With the release of .NET 4 comes the obsoletion of the policy portion of code access security. If you ignore the compilation warnings (warnings are errors) and attempt to run the afflicted application, you will inevitably encounter exceptions.

NotSupportedException: This method uses CAS policy, which has been obsoleted by the .NET Framework. In order to enable CAS policy for compatibility reasons, please use the <NetFx40_LegacySecurityPolicy> configuration switch.

As the exception suggests, if you’re making your application .NET 4 ready and want to get in an operational state as soon as possible, adding the NetFx40_LegacySecurtyPolicy configuration switch is the solution. Open your application’s configuration file and add the following:

<configuration>
  <runtime>
    <NetFx40_LegacySecurityPolicy enabled="true"/>
  </runtime>
</configuration>

However, the CAS policy system is obsolete and calls to it should be removed. These calls are those that directly manipulate security policy, require CAS policy to sandbox, or make use of the Evidence class.
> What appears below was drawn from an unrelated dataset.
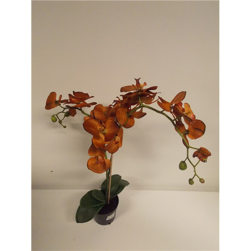 Phalaenopsis Orchidea ültetett cserépben 2 szálas textil okker narancs 60-70cm
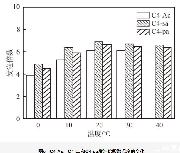 圖5 C4-Ac、C4-sa和C4-pa發泡倍數隨溫度的變化

Calls that are used to determine the permission set or trust level for an assembly or application can now be accessed with the following calls: Assembly.PermissionSet, Assembly.IsFullyTrusted, Assembly.IsFullyTrusted, and AppDomain.IsFullyTrusted. That leaves sandboxing in .NET 4, which is more involved.

Changes are inevitable with a new release of the framework, and unlike the past two major release (3.0, and 3.5), 4 isn’t just additions to .NET 2.0. This is the first I’ve come across as I’ve started moving around, but I will post more upgrade information as I come across it under the tag obsolete.